Manfred Mertl von der Gemeindeaufsicht des Landes sagt, dass die Landesgesetzgebung im Gemeindewasser-Versorgungsgesetz ermöglicht habe, dass die Gemeinden - aufgrund ihrer Autonomie - selbst die Regelungen treffen können, wie in ihrer Gemeinde die Wasserkosten umlegen. 64 Kärntner Gemeinden, darunter St. Urban, berechnen Wasserbereitstellungsgebühren für das Netz, 50 Gemeinden berechnen diese Gebühr nicht.

Mertl sagt, es gebe die Möglichkeit, eine Bereitstellungsgebühr und eine Wasserbezugsgebühr zu verrechnen oder die Kosten der Bereitstellung in die Wasserbezugsgebühr einzurechnen. Das erklärt, warum ein Kubikmeter Wasser in Feldkirchen mehr als drei Euro kostet - da ist die Bereitstellungsgebühr mit eingerechnet. Es erklärt aber nicht, warum man in Feistritz im Gailtal pro Kubik nur 24 Cent zahlt, also einen Bruchteil davon und überhaupt keine Bereitstellungsgebühr. Im Vergleich der Gemeinden gibt es Unterschiede von mehreren hundert Prozent. Der Grund dafür ist die Gemeindeautonomie. Das gilt auch für die Berechnung der Gebühren, so Manfred Mertl.

Sendungshinweis:

Radio Kärnten Aufgezeigt, 27.6.2017

„Grundsätzlich darf nach dem Kärntner Gemeindewasser-Versorgungsgesetz der Wasserbezug nur nach dem Wasserzählerstand verrechnet werden, also die Anzahl der Kubikmeter, die tatsächlich geflossen sind. Auf der anderen Seite gibt es die Möglichkeit bei der Bereitstellungsgebühr variabel zu sein“, so Mertl. Man könne das Grundstück als Bewertungsmaßstab nehmen: „Es gibt Bewertungseinheiten, wo die Gebäudeflächen berechnet werden. Hier spricht der Gemeinderat dann Klartext.“

Land: Gemeinden handeln autonom

Bis zu 50 Prozent der Wasserkosten können und dürfen über diese Bereitstellungsgebühren hereingebracht werden. Ursprünglich führte man die Gebühr für Touismusgebiete und Zweitwohnsitzgemeinden ein, um die einheimische Bevölkerung zu entlasten.

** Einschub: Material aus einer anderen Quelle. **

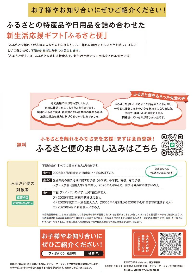 くらし FAVTOWNとは転出者と「ふるさと」をつなぐ情報発信・交流の場です。 22/28 前の記事 次の記事 発行日 : 2026年01月22日 自治体名 : 愛媛県松野町 広報紙名 : 広報まつの 令和8年2月号 Tweet シェアする 令和8年度交通災害共済の加入を受け付けています。 新民生委員・児童委員を紹介します

St. Urban zählt mit 86 Euro pro Bewertungseinheit und Jahr zu den teuren Gemeinden, aber es geht noch viel hochpreisiger. Jede Gemeinde kann beschließen, wieviel ihr Wasser kostet und wie es verrechnet wird. Obergrenzen gibt es nicht im Gesetz und Kontrolle auch nicht, weil die Gemeinden autonom sind.